### [ACTION ITEM]
Leave out the pictures and retype, exactly, the lines below from the line with "This playful and" up to and including the line with "去年底我买了一块新出的ZT1", nothing more.

### [SUPPLIED DATA]
***

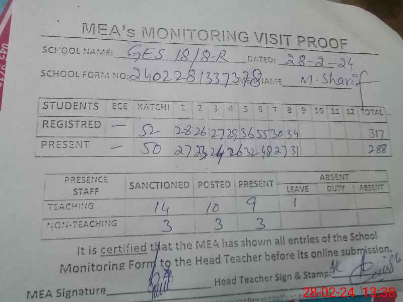 | Attendance Register | Head Teacher | MEA with School | Visit Proof |
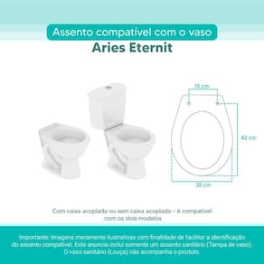 OBS.: O código 6LPF gravado na louça sanitária corresponde ao fluxo de água de uma descarga e não indica o modelo da mesma. RBN: Casa/Banho/Instalações e Acessórios de Banheiro/Vasos Sanitários e Peças/Assento de Vaso Sanitário | Conteúdo da Embalagem: 01 Assento Sanitário | Tipo: Assento Sanitário | Produto: Assento Sanitário | Site do Fabricante: www.ponttolavabo.com.br/ | Marca do Assento Sanitário: Pontto Lavabo | Garantia: 6 meses contra defeitos de fabricação | Dica: Instalação: sem desmontar o produto, posicione sobre o vaso sanitário e encaixe os dois parafusos com as borrachas pretas dentro do furo do vaso. Aperte com a chave de fenda no sentido horário até ficar firme. | Para Vaso Sanitário do Modelo: Aries | Para vaso Sanitário da Marca: Eternit | Cor: Branco | Tonalidade: Branco | Material do Assento Sanitário: MDF Laqueado | Instruções de Limpeza: Recomenda-se a limpeza com pano úmido e sabão neutro, não utilizar produtos abrasivos ou químicos | Almofadado?: Não | Peso do Produto: 1.98 | Tipo de Fechamento: Fechamento Comum | Material da Fixação: Alumínio Anodizado | Precisa de baterias ou pilhas: Não | Regulamentações aplicáveis a produtos perigosos: Não se aplica | Código de certificação: Não se aplica Ean: 7899983693315
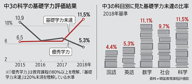 教育部(省に相当)が毎年実施している「国家水準学業成就度評価」で、昨年の科学科目の「基礎学力未達」生徒の割合は11.5%だった。2017年は6.6%にとどまっていたが、昨年は倍近く急増した。
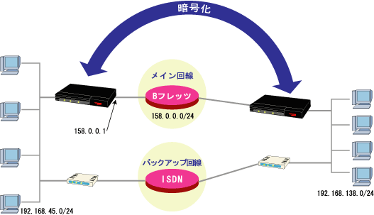 | 2.F100+E30で冗長、メイン回線のみ暗号化 |
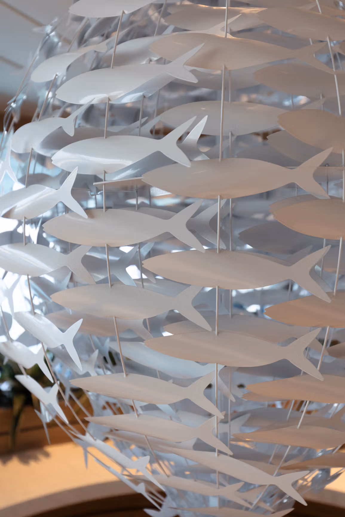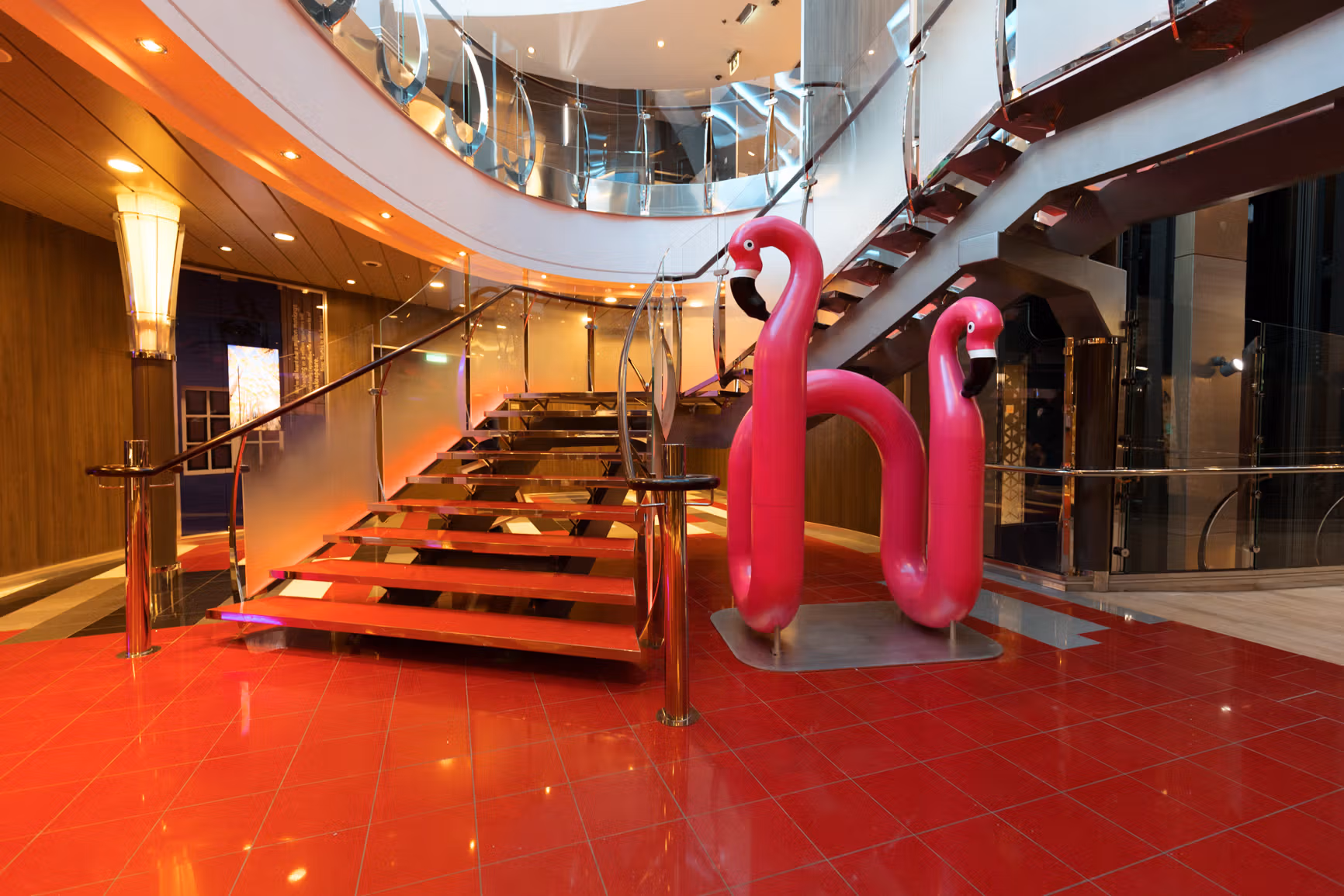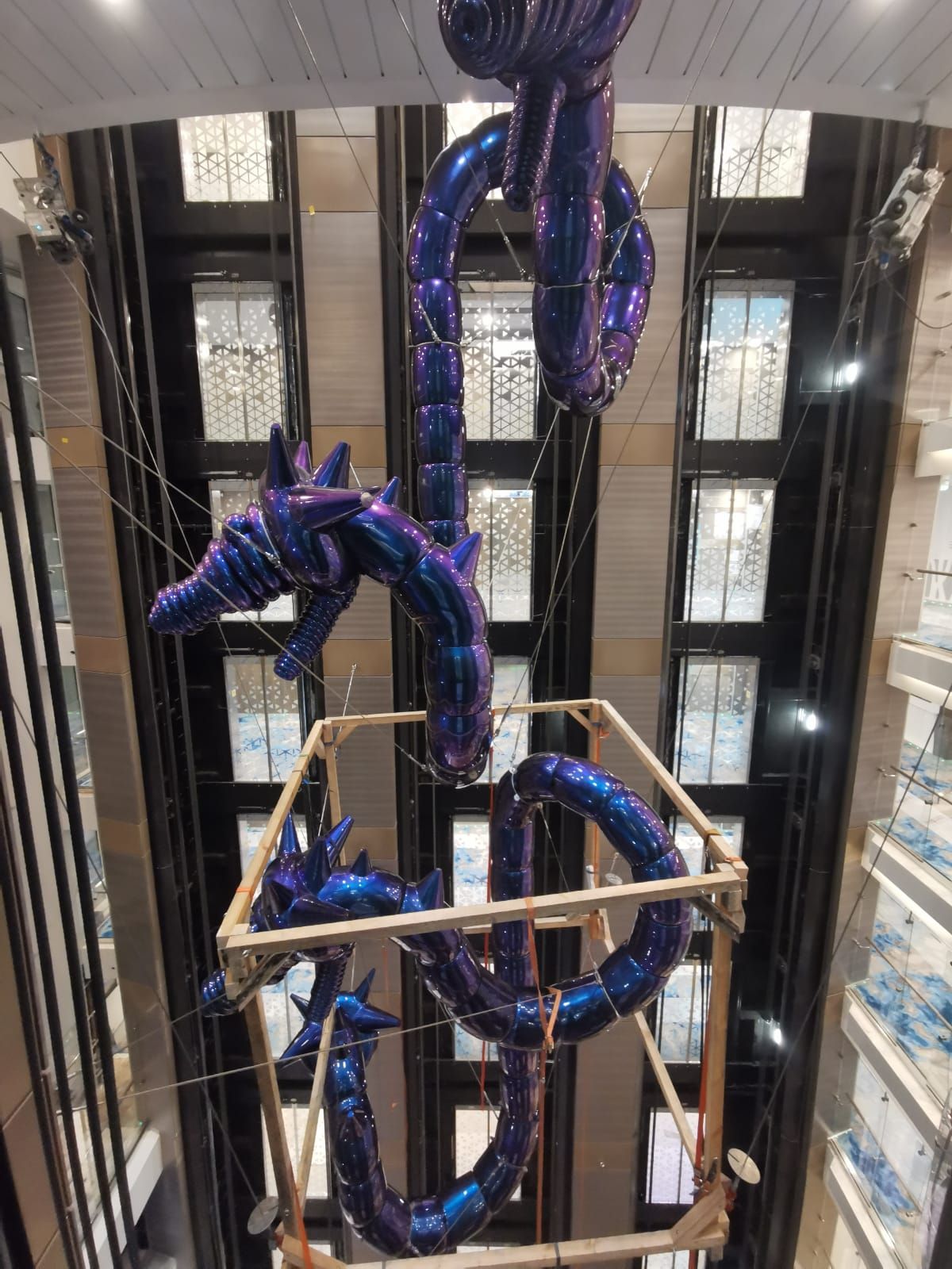 This playful and interactive work accompanies the guests as they venture from one activity to another. The impressive 2,200kg statement is floating in the most central space of the ship, radiant and mesmerizing in its blue chrome scales. Without a doubt one of the largest and most iconic works to be seen aboard a vessel.
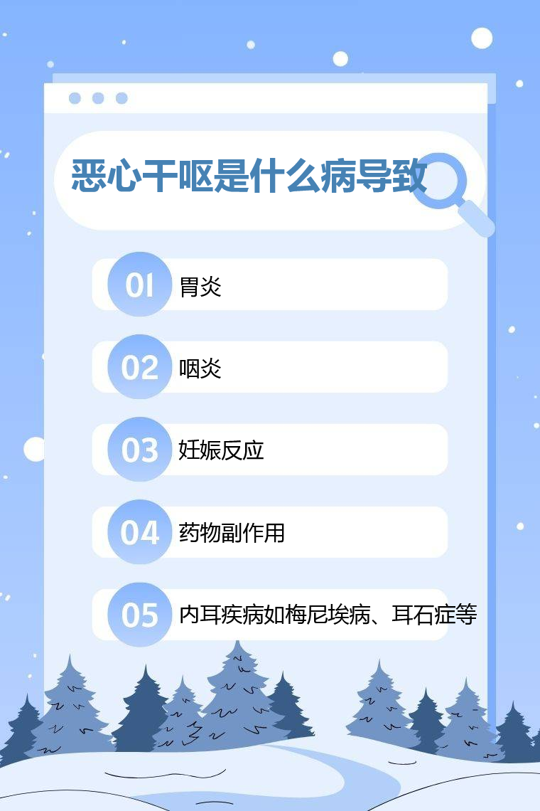 恶心干呕可能由胃炎、咽炎、妊娠反应、药物副作用、内耳疾病等导致。
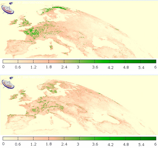 Note that the decrease in vegetation that can be seen in the two images from May and August 2007 may not be completely related to the forest fires in Italy and Greece, as this period coincides with a natural decay of vegetation in these regions.
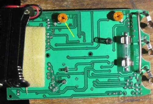 去年底我买了一块新出的ZT111万用表来玩,对比时发现这两个表测量1节5号电池的电压居然有明显的差值。相差几个字可以理解,多了就有问题了。一般来说新表更可信,于是我翻出来以前买的10V电压基准,把UT33-A校准一下看看。在这个万用表的PCB背面,有两个可变电阻,调VR1就是校准电压基准用的。
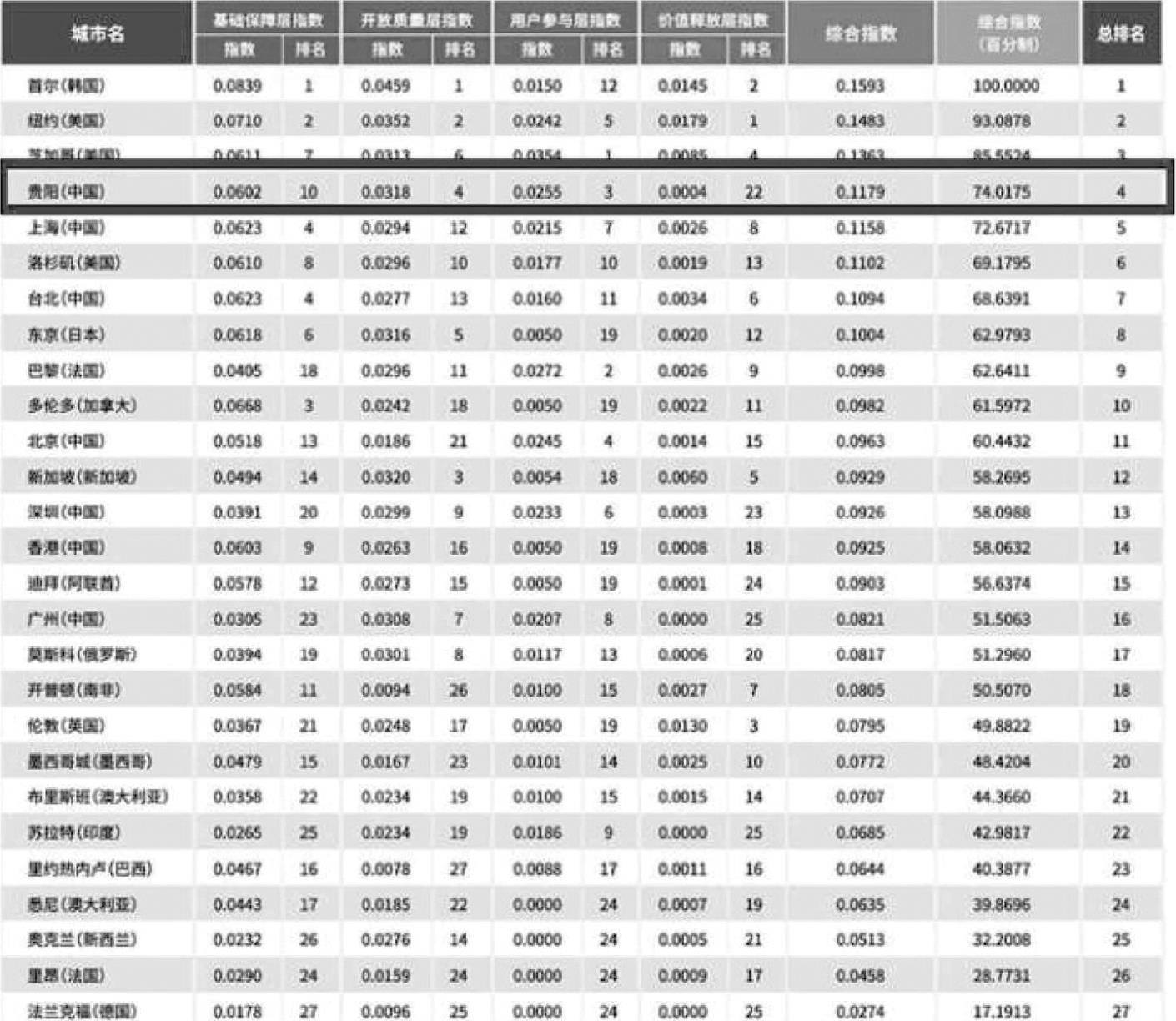 政府大数据目前主要包含安防、公共信用、政府数据开放共享、智慧城市四个领域。安防行业持续火热,据统计,近三年年复合增长率超过30%,资本市场活跃。公共信用数字化市场将进入新一轮增长期,未来三年将保持超过20%的增长。全国多地市政府建设政府数据开放共享平台,推动了政府大数据应用,加速了政府数字化转型进程。超过500个在建的智慧城市项目从城市数据的深度获取和共享、城市治理生态系统、城市综合治理水平方面推动了政府大数据市场和发展。2016—2018年全球政府大数据市场规模、我国政府大数据市场规模,以及全球与我国政府大数据市场增速对比如图1-3、图1-4、图1-5所示。在全球27个重要城市中,贵阳公共数据可持续开放综合指数名列第4,超过洛杉矶、东京、巴黎、新加坡等国际著名城市,如表1-2所示。

***

### [SOLUTION FOR THIS EXERCISE]
 This playful and interactive work accompanies the guests as they venture from one activity to another. The impressive 2,200kg statement is floating in the most central space of the ship, radiant and mesmerizing in its blue chrome scales. Without a doubt one of the largest and most iconic works to be seen aboard a vessel.
 恶心干呕可能由胃炎、咽炎、妊娠反应、药物副作用、内耳疾病等导致。
 Note that the decrease in vegetation that can be seen in the two images from May and August 2007 may not be completely related to the forest fires in Italy and Greece, as this period coincides with a natural decay of vegetation in these regions.
 去年底我买了一块新出的ZT111万用表来玩,对比时发现这两个表测量1节5号电池的电压居然有明显的差值。相差几个字可以理解,多了就有问题了。一般来说新表更可信,于是我翻出来以前买的10V电压基准,把UT33-A校准一下看看。在这个万用表的PCB背面,有两个可变电阻,调VR1就是校准电压基准用的。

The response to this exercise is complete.